● **WHAT YOU ARE ASKED TO DO**
Set the data down again, exactly as it reads, but without the pictures.

● **MATERIAL FOR THIS EXERCISE**
==========

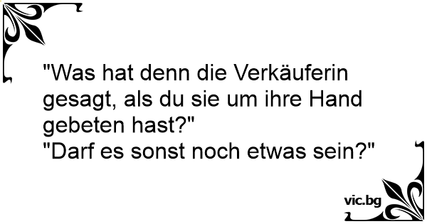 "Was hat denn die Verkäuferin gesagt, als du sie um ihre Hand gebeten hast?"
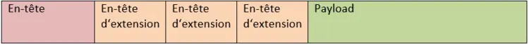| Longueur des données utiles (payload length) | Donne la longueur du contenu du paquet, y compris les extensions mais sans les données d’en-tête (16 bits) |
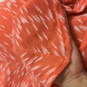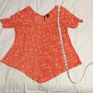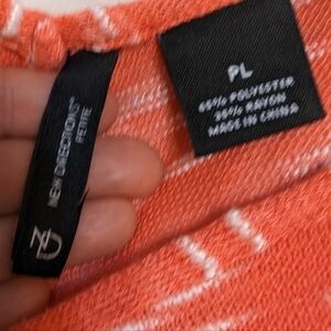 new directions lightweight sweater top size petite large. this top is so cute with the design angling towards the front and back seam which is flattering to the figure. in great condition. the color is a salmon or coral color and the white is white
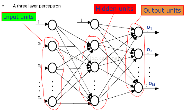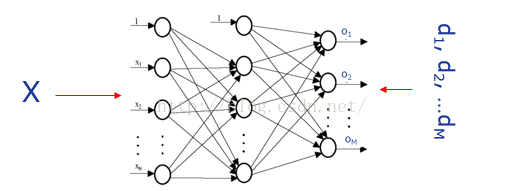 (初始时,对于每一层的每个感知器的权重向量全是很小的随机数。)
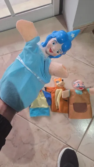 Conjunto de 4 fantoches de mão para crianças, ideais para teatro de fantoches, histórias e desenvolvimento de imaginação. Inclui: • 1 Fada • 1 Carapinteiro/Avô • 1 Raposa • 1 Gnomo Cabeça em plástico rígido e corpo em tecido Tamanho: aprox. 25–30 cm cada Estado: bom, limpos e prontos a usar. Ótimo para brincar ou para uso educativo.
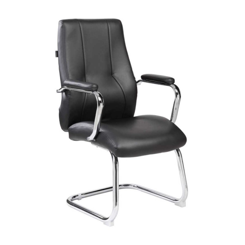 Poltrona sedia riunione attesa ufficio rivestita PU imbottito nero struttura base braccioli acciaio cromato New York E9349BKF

==========

● **SOLUTION**
 "Was hat denn die Verkäuferin gesagt, als du sie um ihre Hand gebeten hast?"
| Longueur des données utiles (payload length) | Donne la longueur du contenu du paquet, y compris les extensions mais sans les données d’en-tête (16 bits) |
 new directions lightweight sweater top size petite large. this top is so cute with the design angling towards the front and back seam which is flattering to the figure. in great condition. the color is a salmon or coral color and the white is white
 (初始时,对于每一层的每个感知器的权重向量全是很小的随机数。)
 Conjunto de 4 fantoches de mão para crianças, ideais para teatro de fantoches, histórias e desenvolvimento de imaginação. Inclui: • 1 Fada • 1 Carapinteiro/Avô • 1 Raposa • 1 Gnomo Cabeça em plástico rígido e corpo em tecido Tamanho: aprox. 25–30 cm cada Estado: bom, limpos e prontos a usar. Ótimo para brincar ou para uso educativo.
 Poltrona sedia riunione attesa ufficio rivestita PU imbottito nero struttura base braccioli acciaio cromato New York E9349BKF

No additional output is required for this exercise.